(DATASET EXCERPT)

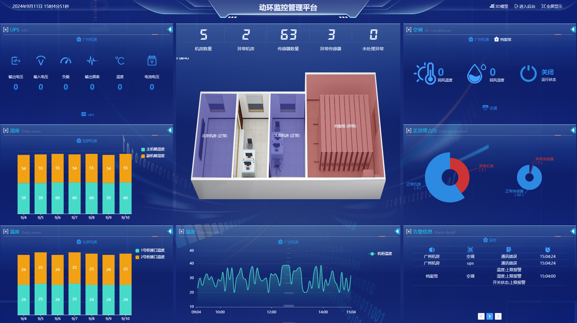 5、環境系統: 精密空調、泄漏、溫度、濕度、新風機、氣體、塵埃;精密空調:監測回風溫度/濕度等參數,壓縮機、風機、加濕器、去濕器等部件的狀態,控制空調的啟停,調節溫度和濕度。普通空調:通過對其控制電路的分析,可實現對普通空調的狀態監測和啟??刂啤P嘛L機:新風機工作狀態監測以及啟??刂?。溫濕度:監測各房間溫濕度傳感器所采集的溫度和濕度數據,并越限報警。
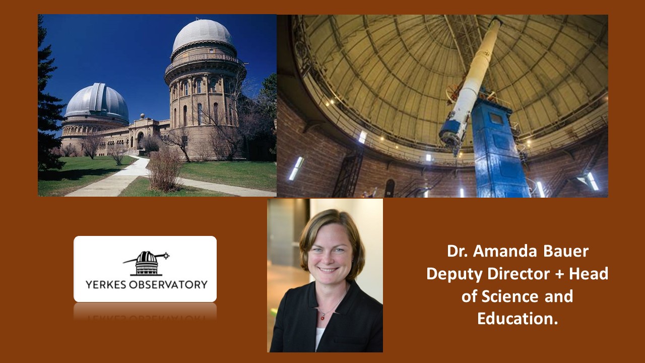 Dr. Sconzert's guest is Dr. Amanda Bauer is the Deputy Director of the Yerkes Future Foundation and lead the science, research, telescope operations, and education programs of the Observatory.
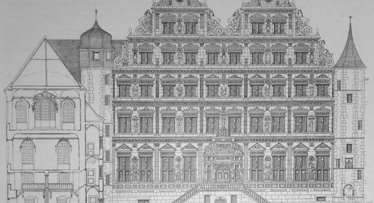 Die weitere Behauptung, die Architektur der Fassade des Otto Heinrichs-Baues stehe mit der oberitalienischen Renaissance in unmittelbarem Zusammenhange, und zwar, wie die Historiker wollen, in dem Sinne, dass dadurch der horizontale Abschluss bedingt sei ist durchaus unrichtig. Es weiss jeder, dass die deutsche Renaissance in ähnlicher Beziehung zu der italienischen Renaissance steht, wie diese zur römischen Antike.

(End DATASET EXCERPT)

# [WHAT THE EXERCISE ASKS]
Text only, please: give the listing again word for word with no images.

# [RESULT OF THE EXERCISE]
 5、環境系統: 精密空調、泄漏、溫度、濕度、新風機、氣體、塵埃;精密空調:監測回風溫度/濕度等參數,壓縮機、風機、加濕器、去濕器等部件的狀態,控制空調的啟停,調節溫度和濕度。普通空調:通過對其控制電路的分析,可實現對普通空調的狀態監測和啟??刂啤P嘛L機:新風機工作狀態監測以及啟??刂?。溫濕度:監測各房間溫濕度傳感器所采集的溫度和濕度數據,并越限報警。
 Dr. Sconzert's guest is Dr. Amanda Bauer is the Deputy Director of the Yerkes Future Foundation and lead the science, research, telescope operations, and education programs of the Observatory.
 Die weitere Behauptung, die Architektur der Fassade des Otto Heinrichs-Baues stehe mit der oberitalienischen Renaissance in unmittelbarem Zusammenhange, und zwar, wie die Historiker wollen, in dem Sinne, dass dadurch der horizontale Abschluss bedingt sei ist durchaus unrichtig. Es weiss jeder, dass die deutsche Renaissance in ähnlicher Beziehung zu der italienischen Renaissance steht, wie diese zur römischen Antike.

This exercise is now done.